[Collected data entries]
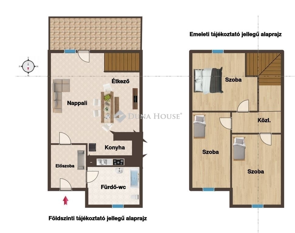 Az ingatlan műanyag nyílászárókkal, biztonsági bejárati ajtóval rendelkezik, földszintjén kialakított nappali-konyha-étkező nem rég új burkolatokat kapott. A két szint között felszerelt hűtő-fűtő klíma berendezés garantálhatja a kellemes hőmérsékletet bármely évszakban. Az emeleten 3 külön bejáratú hálószoba található, melyek jelenleg padlószőnyeg burkolattal ellátottak.
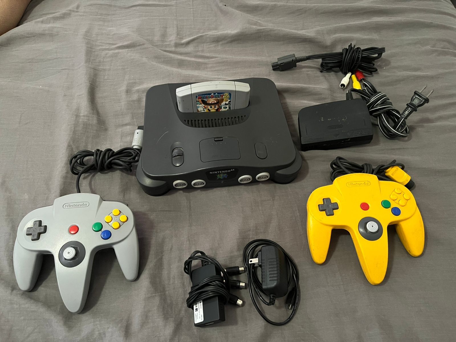 Nintendo 64 in working condition. Comes with all its cables and Mario Party 2. The 2 controllers have no drift and work well.
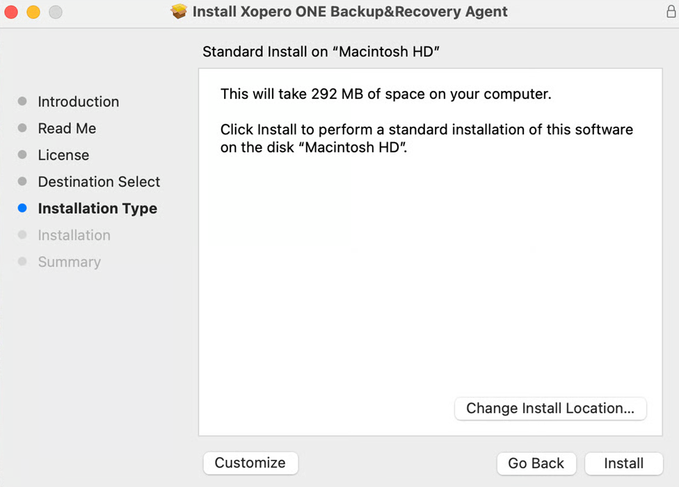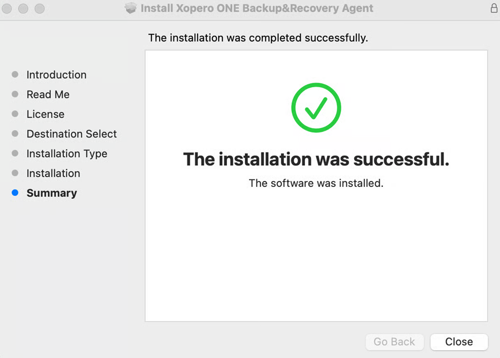 9. Click **Close** to finish the installation. The **Xopero ONE agent** for **macOS** is now successfully updated.
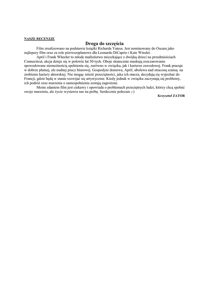 NASZE RECENZJE Droga do szczęścia Film zrealizowano na podstawie ksiąŜki Richarda Yatesa. Jest nominowany do Oscara jako najlepszy film oraz za role pierwszoplanowe dla Leonardo DiCaprio i Kate Winslet. April i Frank Wheeler to młode małŜeństwo mieszkające z dwójką dzieci na przedmieściach Connecticut, akcja dzieje się w połowie lat 50-tych. Oboje skutecznie maskują rozczarowanie spowodowane niemoŜnością spełnienia się, zarówno w związku, jak i karierze zawodowej. Frank pracuje w dobrze płatnej, ale nudnej pracy biurowej. Gospodyni domowa, April, ubolewa nad straconą szansą na zrobienie kariery aktorskiej. Nie mogąc znieść przeciętności, jaka ich otacza, decydują się wyjechać do Francji, gdzie będą w stanie rozwijać się artystycznie. Kiedy jednak w związku zaczynają się problemy, ich podróŜ oraz marzenia o samospełnieniu zostają zagroŜone. Moim zdaniem film jest ciekawy i opowiada o problemach przeciętnych ludzi, którzy chcą spełnić swoje marzenia, ale Ŝycie wystawia nas na próbę. Serdecznie polecam ;-) Krzysztof ZATOR
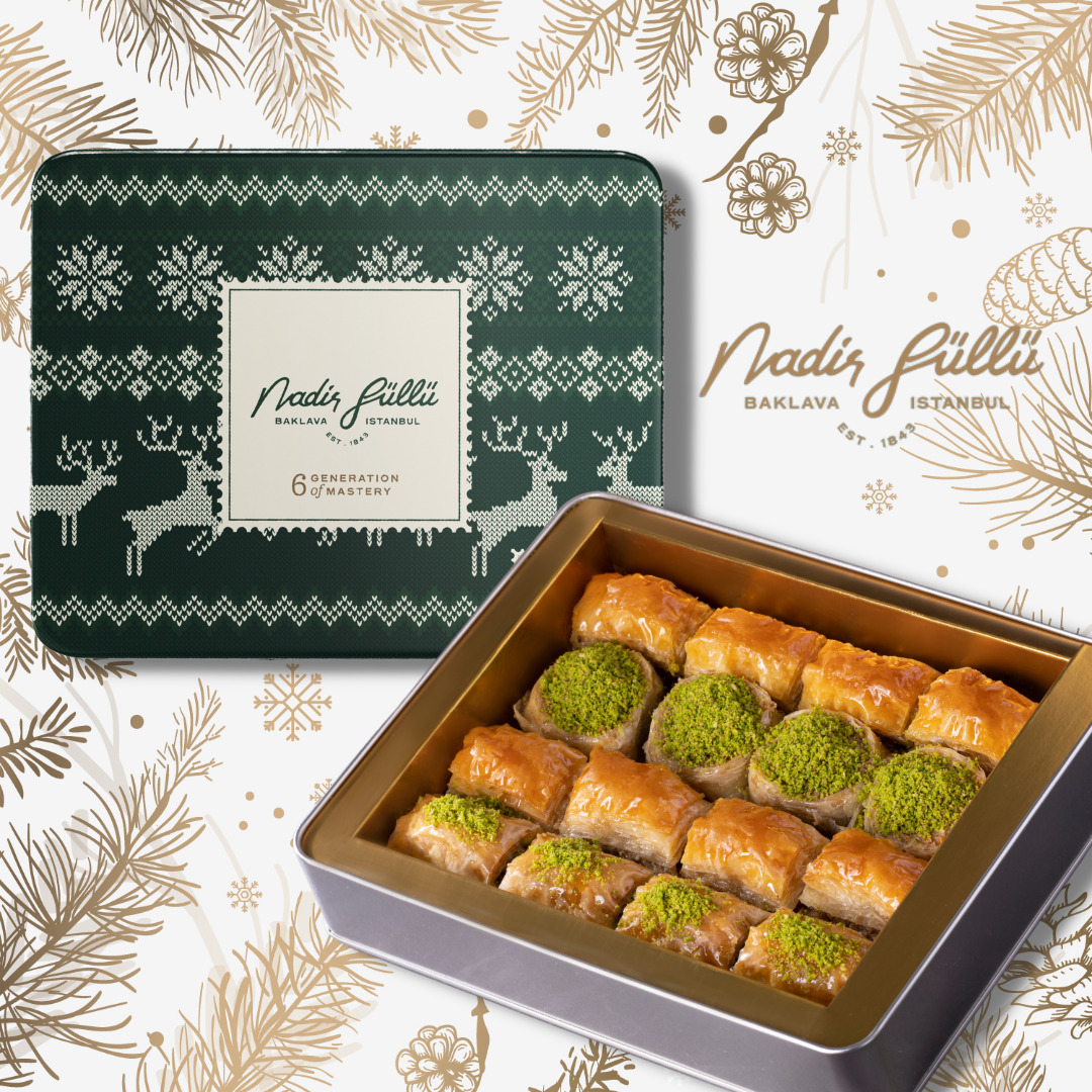 ウインターモチーフがあしらわれたボックス缶に、ピスタチオバクラヴァ、くるみバクラヴァ、ナーディルスペシャルバクラヴァ、パレスバクラヴァ、各種4個ずつ入った、ナーディル・ギュルのバクラヴァを思う存分お楽しみ頂ける贅沢な一品です。

What you have to do » Would you output each entry exactly and leave the pictures behind?

Response area »
 Az ingatlan műanyag nyílászárókkal, biztonsági bejárati ajtóval rendelkezik, földszintjén kialakított nappali-konyha-étkező nem rég új burkolatokat kapott. A két szint között felszerelt hűtő-fűtő klíma berendezés garantálhatja a kellemes hőmérsékletet bármely évszakban. Az emeleten 3 külön bejáratú hálószoba található, melyek jelenleg padlószőnyeg burkolattal ellátottak.
 Nintendo 64 in working condition. Comes with all its cables and Mario Party 2. The 2 controllers have no drift and work well.
 9. Click **Close** to finish the installation. The **Xopero ONE agent** for **macOS** is now successfully updated.
 NASZE RECENZJE Droga do szczęścia Film zrealizowano na podstawie ksiąŜki Richarda Yatesa. Jest nominowany do Oscara jako najlepszy film oraz za role pierwszoplanowe dla Leonardo DiCaprio i Kate Winslet. April i Frank Wheeler to młode małŜeństwo mieszkające z dwójką dzieci na przedmieściach Connecticut, akcja dzieje się w połowie lat 50-tych. Oboje skutecznie maskują rozczarowanie spowodowane niemoŜnością spełnienia się, zarówno w związku, jak i karierze zawodowej. Frank pracuje w dobrze płatnej, ale nudnej pracy biurowej. Gospodyni domowa, April, ubolewa nad straconą szansą na zrobienie kariery aktorskiej. Nie mogąc znieść przeciętności, jaka ich otacza, decydują się wyjechać do Francji, gdzie będą w stanie rozwijać się artystycznie. Kiedy jednak w związku zaczynają się problemy, ich podróŜ oraz marzenia o samospełnieniu zostają zagroŜone. Moim zdaniem film jest ciekawy i opowiada o problemach przeciętnych ludzi, którzy chcą spełnić swoje marzenia, ale Ŝycie wystawia nas na próbę. Serdecznie polecam ;-) Krzysztof ZATOR
 ウインターモチーフがあしらわれたボックス缶に、ピスタチオバクラヴァ、くるみバクラヴァ、ナーディルスペシャルバクラヴァ、パレスバクラヴァ、各種4個ずつ入った、ナーディル・ギュルのバクラヴァを思う存分お楽しみ頂ける贅沢な一品です。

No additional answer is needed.